# 007A Sample Midterm 2

This is a sample, and is meant to represent the material usually covered in Math 7A for the midterm. An actual test may or may not be similar.

Click on the  boxed problem numbers  to go to a solution.

## Problem 1

Evaluate the following limits.

(a) Find  ${\displaystyle \lim _{x\rightarrow 2}{\frac {{\sqrt {x^{2}+12}}-4}{x-2}}}$

(b) Find  ${\displaystyle \lim _{x\rightarrow 0}{\frac {\sin(3x)}{\sin(7x)}}}$

(c) Evaluate  ${\displaystyle \lim _{x\rightarrow 0}x^{2}\cos {\bigg (}{\frac {1}{x}}{\bigg )}}$

## Problem 2

Use the definition of the derivative to find   ${\displaystyle {\frac {dy}{dx}}}$   for the function  ${\displaystyle y={\frac {1+x}{3x}}.}$

## Problem 3

Find the derivatives of the following functions. Do not simplify.

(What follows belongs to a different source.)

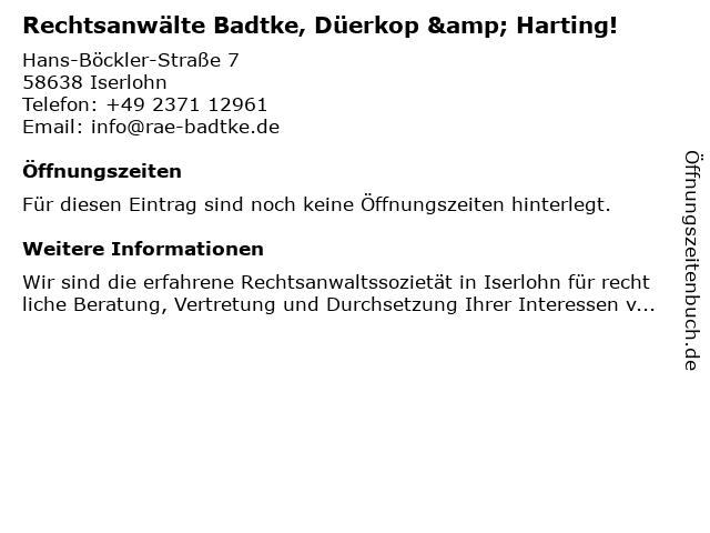 Branchen & Suchbegriffe zu Rechtsanwälte Badtke, Düerkop & Harting!:anwalt iserlohn, anwaltskanzelei iserlohn, badtke, düerkop, harting!, rechtsanwalt iserlohn, rechtsanwaltskanzlei iserlohn, rechtsanwälte |

(a)   ${\displaystyle f(x)=x^{3}(x^{\frac {4}{3}}-1)}$

(b)   ${\displaystyle f(x)={\frac {x^{3}+x^{-3}}{1+6x}}}$  where  ${\displaystyle x>0}$

(c)   ${\displaystyle f(x)={\sqrt {3x^{2}+5x-7}}}$  where  ${\displaystyle x>0}$

## Problem 4

Assume  ${\displaystyle N(t)}$  denotes the size of a population at time  ${\displaystyle t}$  and that  ${\displaystyle N(t)}$  satisfies the equation:

${\displaystyle {\frac {dN}{dt}}=3N{\bigg (}1-{\frac {N}{20}}{\bigg )}.}$

Let  ${\displaystyle f(N)=3N{\bigg (}1-{\frac {N}{20}}{\bigg )},~N\geq 0.}$  Graph  ${\displaystyle f(N)}$  as a function of  ${\displaystyle N}$  and identify all equilibria. That is, all points where  ${\displaystyle {\frac {dN}{dt}}=0.}$

## Problem 5

A kite 30 (meters) above the ground moves horizontally at a speed of 6 (m/s). At what rate is the length of the string increasing when 50 (meters) of the string has been let out?